The Palm also will take the restaurant experience out to you, via its catering department. Sandler explained that they bring everything—from the plates and linen tablecloths to the chef, wait staff and food—to your home or other location.

“We recreate The Palm for you,” he said, “and cook everything on site at your house. We do a tremendous amount of catering in the summer, including seasonal openings and closings in people’s homes.”

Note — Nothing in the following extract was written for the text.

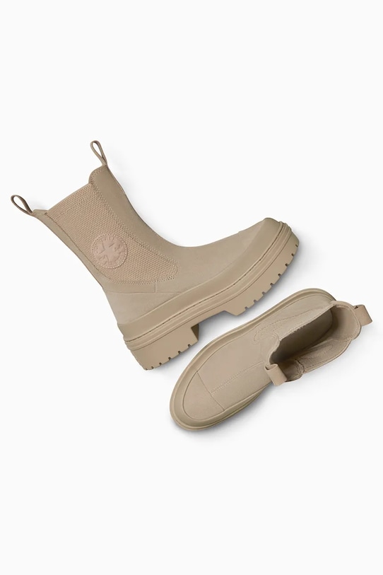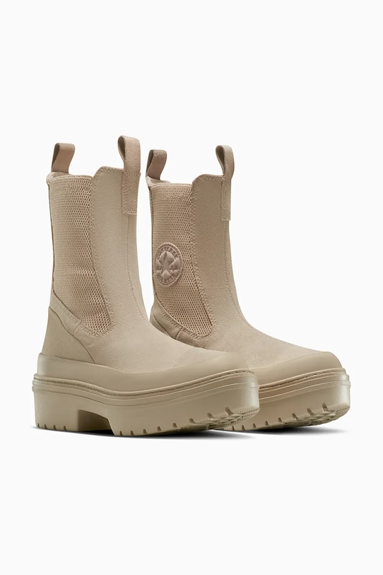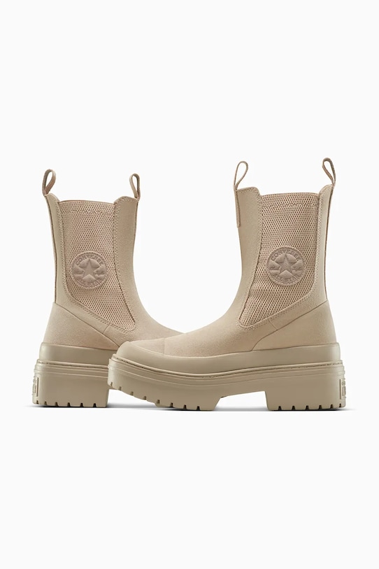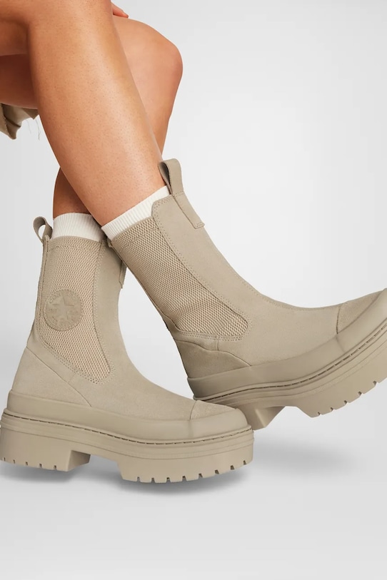 Эти ботинки челси из коллекции Converse изготовлены из замши. Они оснащены прочной и износостойкой резиновой подошвой. - Мягкая стелька из пеноматериала Ortholite отводит влагу и предотвращает потливость ног. Она обладает антибактериальными и противогрибковыми свойствами, защищает от запахов и обеспечивает отличную амортизацию. - Задняя петля и эластичные вставки позволяют легко надевать и снимать. - Уютный салон. - Платформенная модель.

For those who want a private dining experience at the restaurant, there are three private dining rooms. And there’s no shortage of special events at The Palm.

“This is a celebratory restaurant,” Sandler said. “The table next to you might be closing a big deal. The couple at the other table might be getting engaged.” Toward that end, The Palm servers have hidden engagement rings inside cakes or tied them to bottles of champagne.

But you don’t need a special occasion to go to The Palm, according to Sandler. “It’s fine dining where you can also relax.”

So if you venture out to The Palm in Atlantic City, make sure to say hello to Sandler. If you do it often enough, you just might find yourself up on the wall.